Captain Phillips

See itPosters advertising high seas hostage drama Captain Phillips depict a close-up of Tom Hanks, prickly and unshaven, looking somberly ahead, a funereal glaze washing over his eyes.

Hanks’ name appears in bright red letters above the title. Its colour-matched to the words “based on a true story” which sit below a clump of squashed credits naming cast and crew, including the person who directed it: Paul Greengra-something-or-other.

It’s not his name that matters. “From the director of The Bourne Ultimatum” carries more currency with mainstream plebs and PR bootlickers, a line that hints at the old Hollywood dictum that you’re only as good as your last picture (or the last one the general public remember you for).

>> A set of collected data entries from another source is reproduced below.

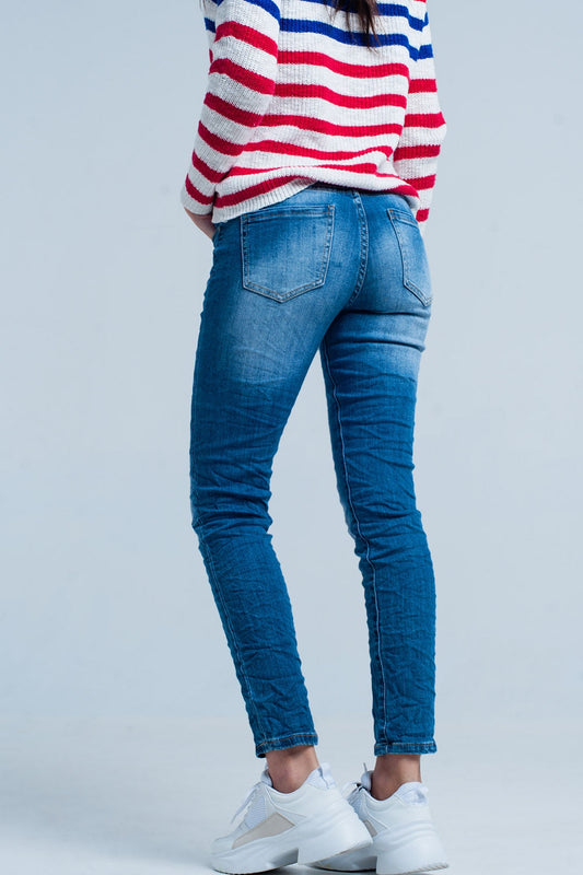 Vaquero con lavado oscuro y raya lateral plateada brillante
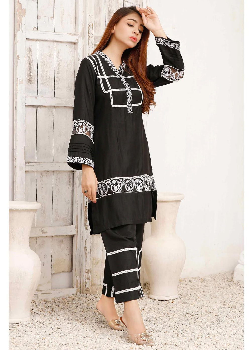 Modest Luxury Pret Raw Silk 3 Piece Suit Mehroze W200-Black
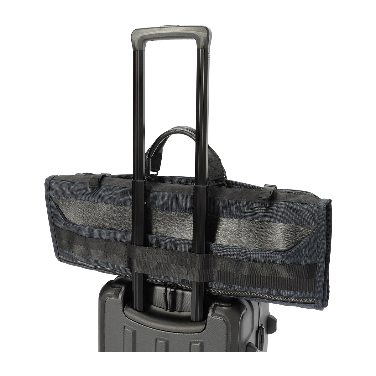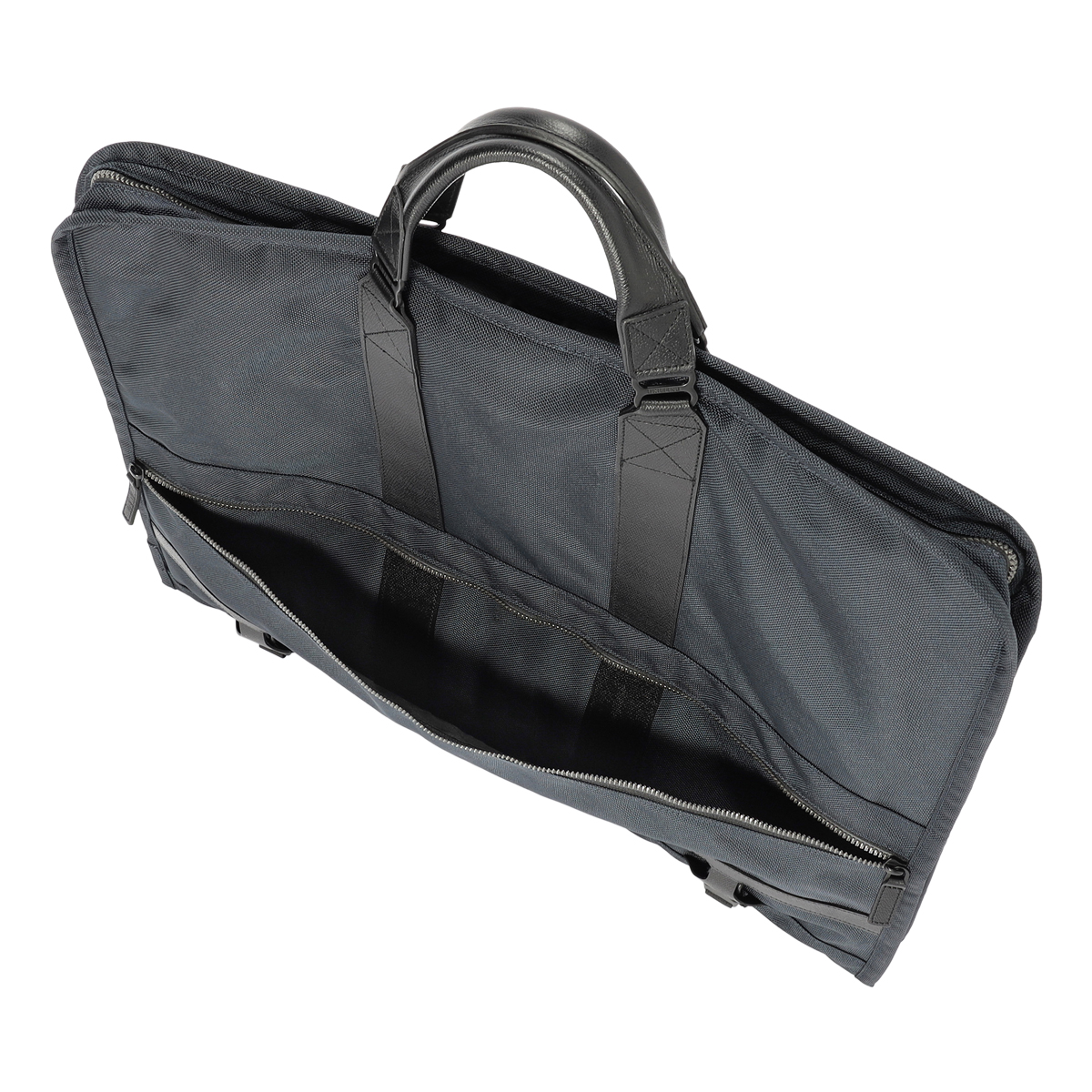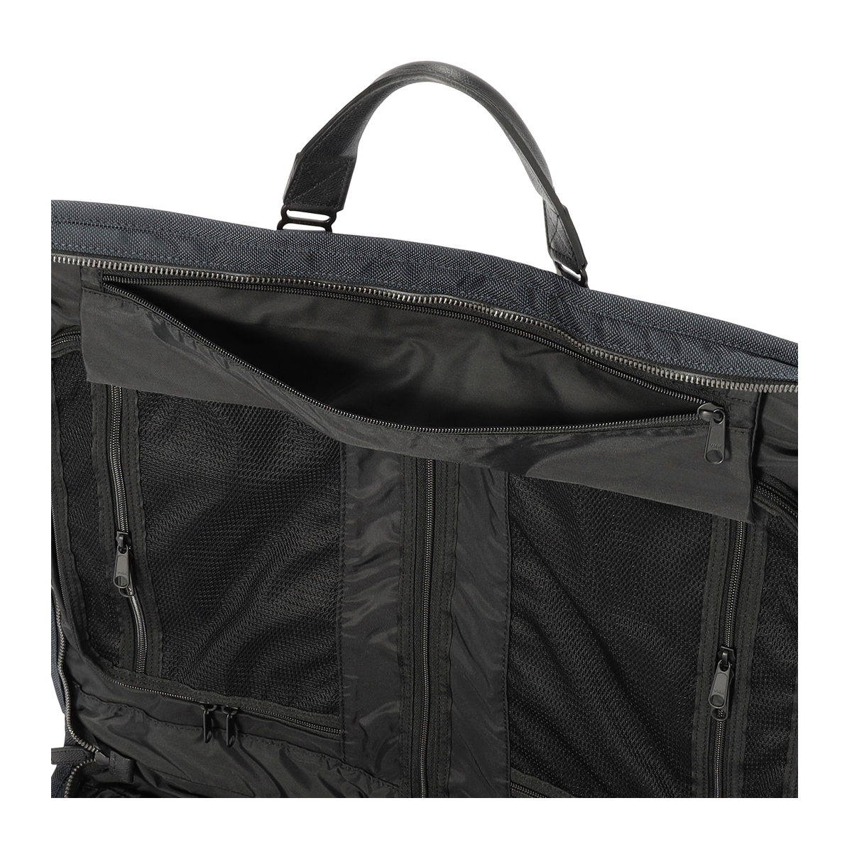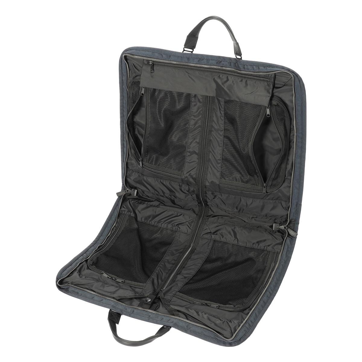 ビジネスシーンでの使用や冠婚葬祭などで長距離移動を伴う際などにキャリーオンをして使用できるガーメントケース。スーツをハンガーにつるした状態で収納できるのはもちろん、内外にポケットを多数設けシャツやネクタイなどの付属アイテムも仕分けしながら収納することが可能。FUSIONコレクションならではの端正でシックなルックスも魅力のアイテムです。

Likewise, the Captain Phillips one-sheet is a fitting example of how movies are marketed these days. This flick was made by a guy who made this other title you’re statistically most likely to have seen — if you haven’t you at least recognise the brand (it’s Bourne, B.O.U.R.N.E.) — and stars an actor who brings with them celebrity baggage and loosely defined audience expectations.

In this case it’s Tom Hanks and his famous everyday man shtick, a nice fit with the film’s workman-like title. That’s a shtick the 57-year-old actor has carefully cultivated through a range of performances in which he worked hard to prove he could have been your brother, your dad, your uncle or your neighbour, and not a power-wielding Californian charlatan rich beyond your wildest dreams.

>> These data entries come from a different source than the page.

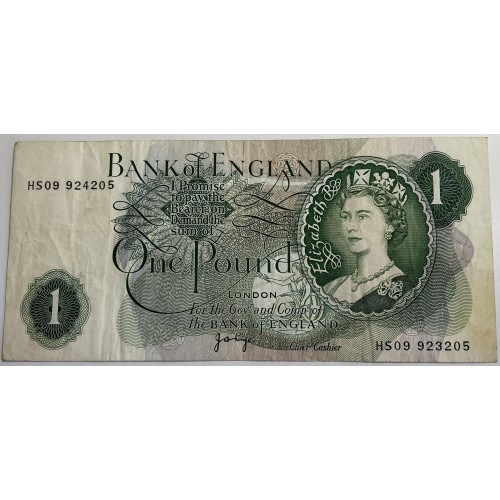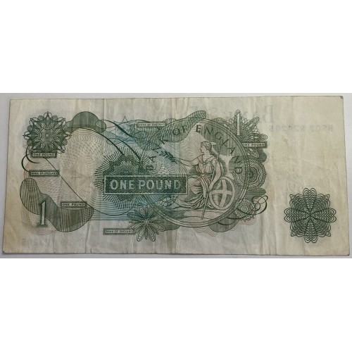 Great Britain UK 1970 One 1 Pound Banknote. Serial: HS09924205/
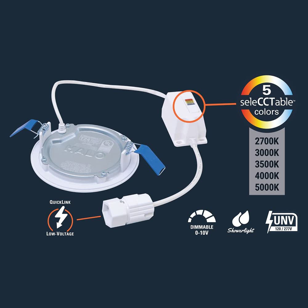 Halo Quicklink 4 Inch Canless Ultra-Thin Recessed Lighting Led Wafer Light For Ceiling And Shower - 1 Pack Add On Fixture - 640
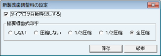 [新製義歯調整料の設定]画面が表示される。[ダイアログ自動呼出しする]にチェックを付けると、月をまたがって[新製義歯調整]の入力をする際などに、義歯を新製した日付を問い合わせるメッセージが表示される。また[摘要欄歯式印字]では、レセプトに印字する歯式を選択する。
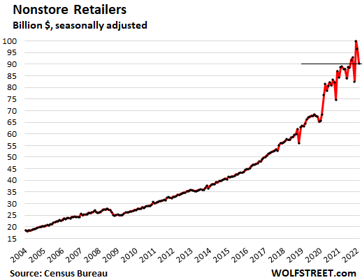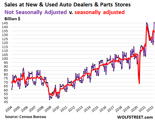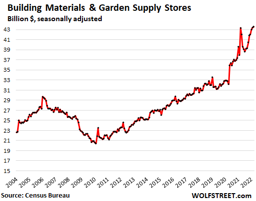 Gas stations, oh my, no surprises here: Sales spiked by 8.9% for the month, to a record $64 billion, seasonally adjusted, and by 37% year-over-year, driven entirely by the spike in gasoline prices.
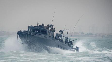 Keywords: Riverine Command Boat 805 Commander Task Group56.7 transits rough seas patrol operations Arabian Gulf.
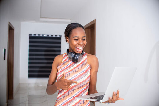 Cheerful young woman celebrating her achievement while reading good news on laptop
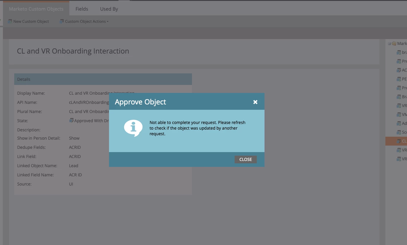 M custom object will not approve draft. I am trying to delete 4 fields. Here is the message I have received.
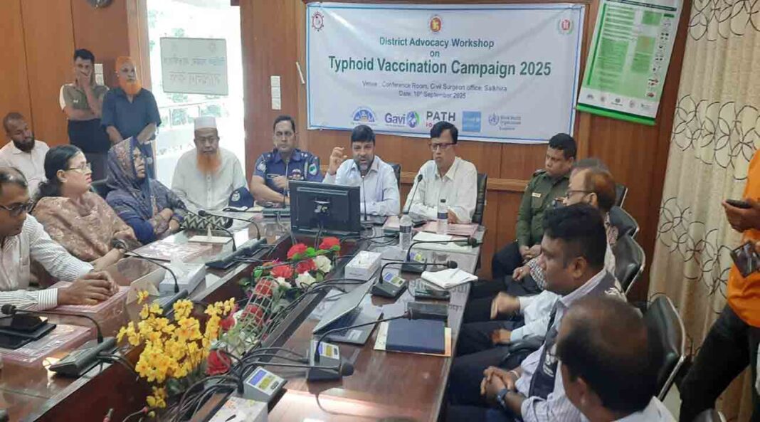 নিজস্ব প্রতিনিধি : টাইফয়েড টিকাদান ক্যাম্পেইন-২০২৫ উপলক্ষে এ্যাডভোকেসি সভা অনুষ্ঠিত হয়েছে। আজ ১০ সেপ্টেম্বর ২০২৫ রোজ বুধবার সকাল সাড়ে ৯টায় সাতক্ষীরা সিভিল সার্জন অফিসের আয়োজনে কনফারেন্স রুমে সিভিল সার্জন ডা: আব্দুস সালাম এর সভাপতিত্বে এ্যাডভোকেসি সভায় প্রধান অতিথি হিসেবে বক্তব্য রাখেন সাতক্ষীরা জেলা প্রশাসক মোস্তাক আহমেদ।
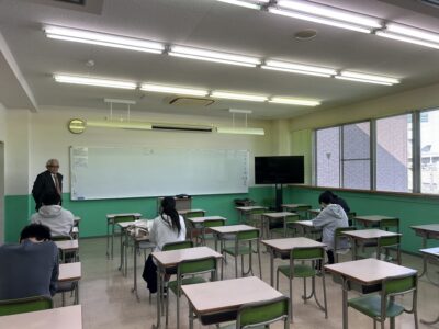 体験授業では、「数学Ⅰ」と「公共」の2科目が実施され、中学生は緊張しながらも授業の雰囲気を感じていました。
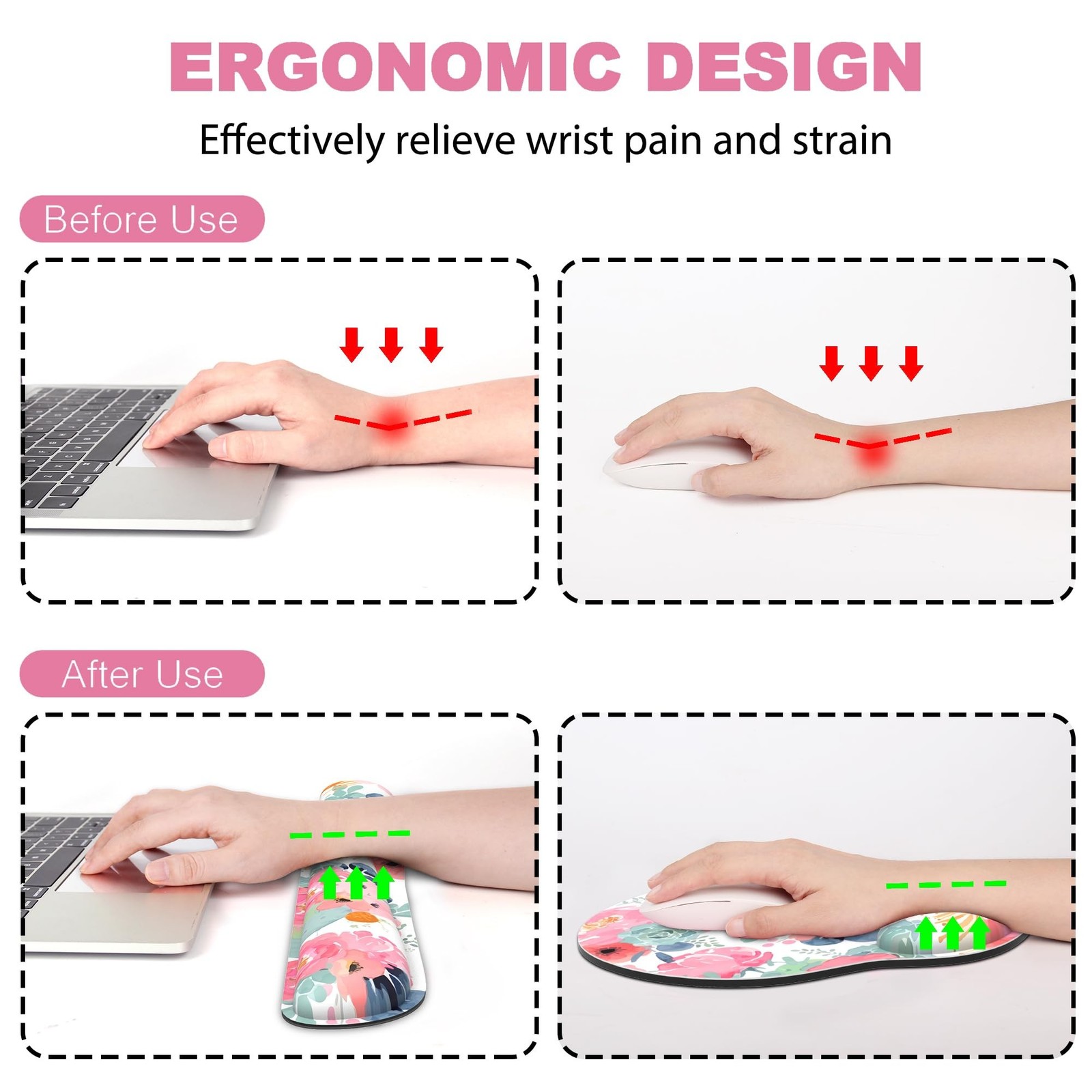 Relieve wrist strain and boost comfort during long work or gaming sessions with an ergonomic mouse pad featuring integrated wrist support.
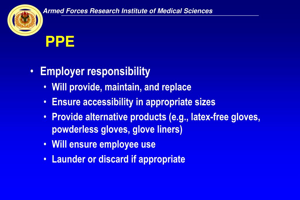 PPE • Employer responsibility • Will provide, maintain, and replace • Ensure accessibility in appropriate sizes • Provide alternative products (e.g., latex-free gloves, powderless gloves, glove liners) • Will ensure employee use • Launder or discard if appropriate

But no matter. Hanks is very good as Phillips, captain of a huge cargo ship boarded by Somali pirates in the Somali basin who desperately tries to keep cool while his crew hides in the engine rooms below like panicked animals: silent, scared and weapon-less.

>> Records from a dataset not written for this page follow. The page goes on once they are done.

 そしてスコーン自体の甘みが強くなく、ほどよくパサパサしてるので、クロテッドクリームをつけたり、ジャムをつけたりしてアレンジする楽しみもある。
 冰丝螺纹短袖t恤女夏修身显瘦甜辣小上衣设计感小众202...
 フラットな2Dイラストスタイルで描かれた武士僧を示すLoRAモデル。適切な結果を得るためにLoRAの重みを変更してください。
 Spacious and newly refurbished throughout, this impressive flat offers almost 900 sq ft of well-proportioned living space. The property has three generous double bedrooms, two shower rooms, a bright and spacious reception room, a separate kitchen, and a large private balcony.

The point is how a thoughtful upper crust Hollywood dish such as this is packaged for the proverbial back row, the people who whoosh past billboards and posters at bus stops and think “hmmm, maybe” and the seed is planted.

That’s not necessarily a bad thing if it brings audiences to a quality film they may not have otherwise seen. That logic explains the casting of Hanks in the first place. He’s both the salesman and the porter, the door opener for a coke-and-popcorn populace who could just as easily have wandered into some other cinema and seen a different movie advertised with another famous person’s mug on the poster.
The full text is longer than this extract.